Пол откинулся на спинку.
– Никаких «а потом». Так будет продолжаться всю твою жизнь.
– Но какой это имеет смысл?
– Нет, ты все же не предприниматель, это видно. Дело не в том, чтобы считать деньги, дело в том, чтобы создать что-то. Такой большой концерн находится в постоянном развитии. Непрерывно где-то что-то происходит, меняются условия, приходится реагировать на эти изменения или действовать с опережением. Такова игра. Это как бейсбол. В конце концов, играют потому, что это доставляет удовольствие.
Джон поглядел на остатки в своем стакане, наконец опрокинул их в себя и жестом заказал новую порцию.
– Когда ты последний раз ходил на бейсбол?
– Ох, – Пол напрягся, вспоминая. – Давно уже. Я думаю, мы вместе были на матче в Нью-Йорке. Перед тем как мне уехать в Гарвард. – Он покачал головой. – Но убей меня, не помню, кто с кем играл.
– Я тоже не помню. – Подошел бармен, поставил перед ним новый напиток, а пустой стакан унес. Пол заказал еще раз то же самое. – Некоторое время следил за игрой лиги, а потом у меня долго не было телевизора, и я выпал из темы.
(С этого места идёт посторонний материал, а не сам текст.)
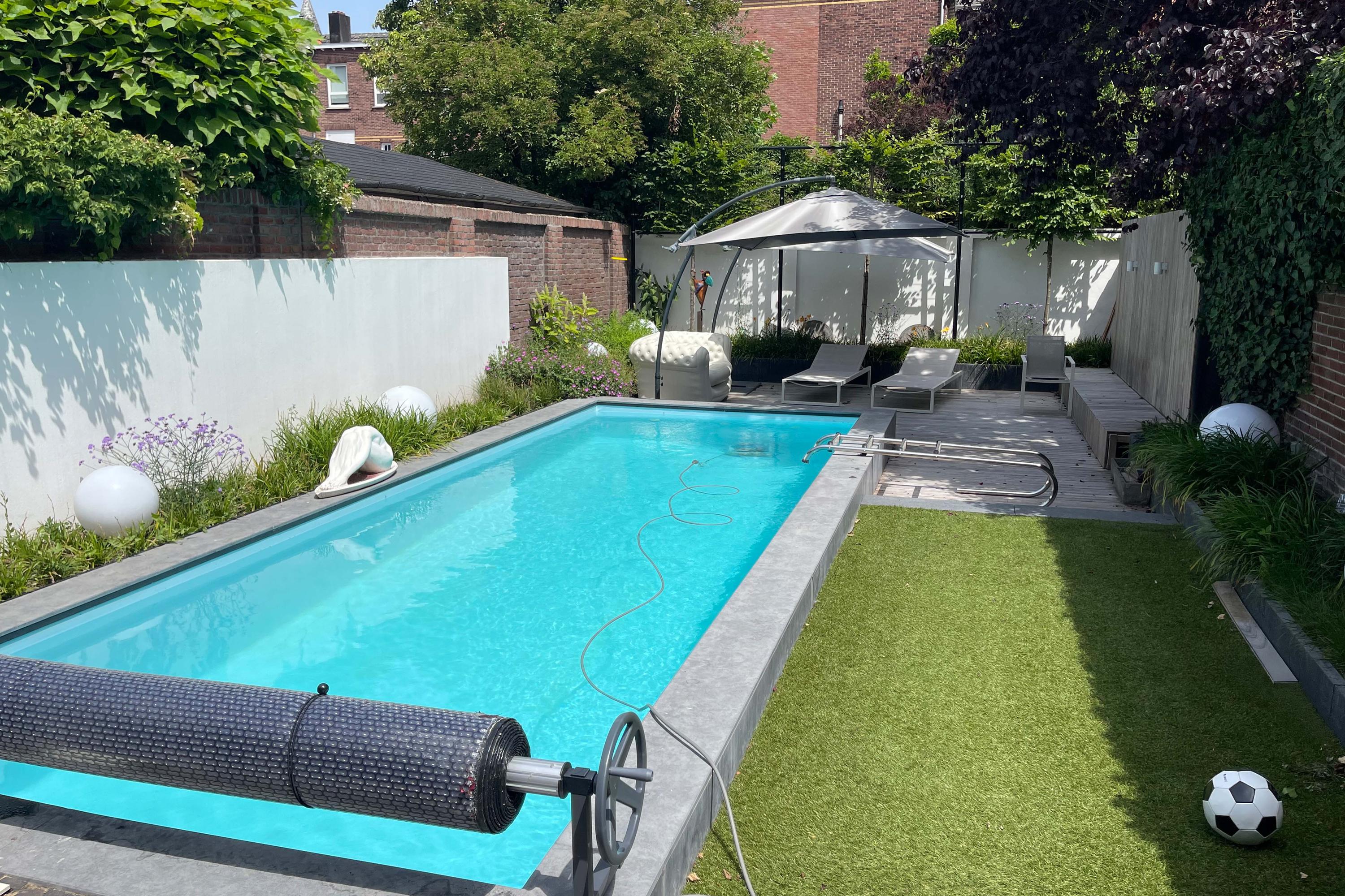 De onder architectuur aangelegde achtertuin is heerlijk diep en biedt door verschillende niveaus extra privacy. De tuin is o.a. voorzien van een bestraat terras, kunstgras en padouk houten vlonders. De tuin is volledig ommuurd. Je geniet hier van veel rust ondanks dat je je op steenworp afstand van het centrum van Venlo bevindt. Het is een grote tuin met zwembad (met warmtepomp), elektra en buitenverlichting.

– Со мной то же самое. Готовился к экзаменам.
Джон кивнул и сухо засмеялся:
– Разве это не ужасно? Как быстро теряешь вкус к истинным ценностям?
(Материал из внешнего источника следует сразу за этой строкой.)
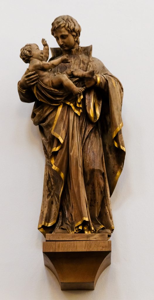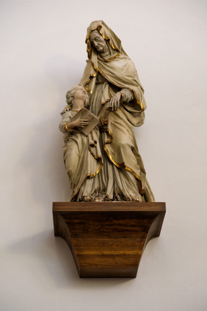An der Westwand hängt die Figurengruppe der Heiligen Anna und Maria. Diese Figurengruppe besteht ebenfalls aus Holz und entstand wohl in der 1. Hälfte des 18. Jahrhunderts. Maria wendet sich mit einem Schulbuch in der Hand Rat suchend an ihre Mutter.24

– Просто трагедия. – Принесли новый напиток для Пола. Он принял его, благодарно кивнув, отпил глоток и подождал, когда бармен удалится. – А дальше будет вот что. От тебя пойдет новая финансовая династия. Семья вроде Рокфеллеров, Ротшильдов или Медичи. Или пусть хоть Фуггеров. Когда-то ведь ты найдешь женщину, которая выдержит деньги и роскошь, народишь кучу детей, которые будут учиться в лучших школах мира и постепенно входить в бизнес…
– Ты говоришь совсем как Маккейн. Он тоже все хлопотал об основании династии.
– Ну что ж, не все, что говорил Маккейн, так уж глупо. Судя по тому, что ты рассказывал и что я читаю теперь в газетах, он свихнулся совсем недавно. – Пол возил свой стакан по столу. – Просто так уж повелось, понимаешь? Это было хорошо заметно в Гарварде, все эти династические сыновья и дочери… При твоей жизни состояние вырастет, твои дети будут поддерживать его на стабильном уровне, а с поколением твоих внуков оно начнет убывать. Так случается со всеми большими состояниями. Но триллиона долларов хватит на много поколений, какими бы расточительными они ни были.
Джон отпил глоток и почувствовал желание набраться сегодня под завязку.
– Звучит обнадеживающе. Может, когда-нибудь они будут проматывать миллионы на последние ведра чистой воды, как знать?
– Эй, – спохватился Пол. – Но ты можешь тратить деньги и на благотворительность, если хочешь. Старый Рокфеллер так и поступал, когда испытывал кризис смысла жизни, и без его фондов теперь немыслимы ни медицина, ни образование, ни наука.
– Лучше я разыщу какого-нибудь ясновидящего. Положу ему на счет полмиллиона долларов сроком на пятьсот лет, и какой-то бедолага году этак в 2500-м унаследует жуткие триллионы долларов. Или какая тогда будет валюта. – Он залпом проглотил спиртное и наслаждался жжением в горле. От него утихала боль в душе, будто накрытая ватным одеялом. – Как знать, может, и состояние Фуггера возникло таким же образом? Я умру от смеха, если со временем это обнаружится. Эй! – крикнул он бармену, подняв пустой стакан. – Еще один. Двойной!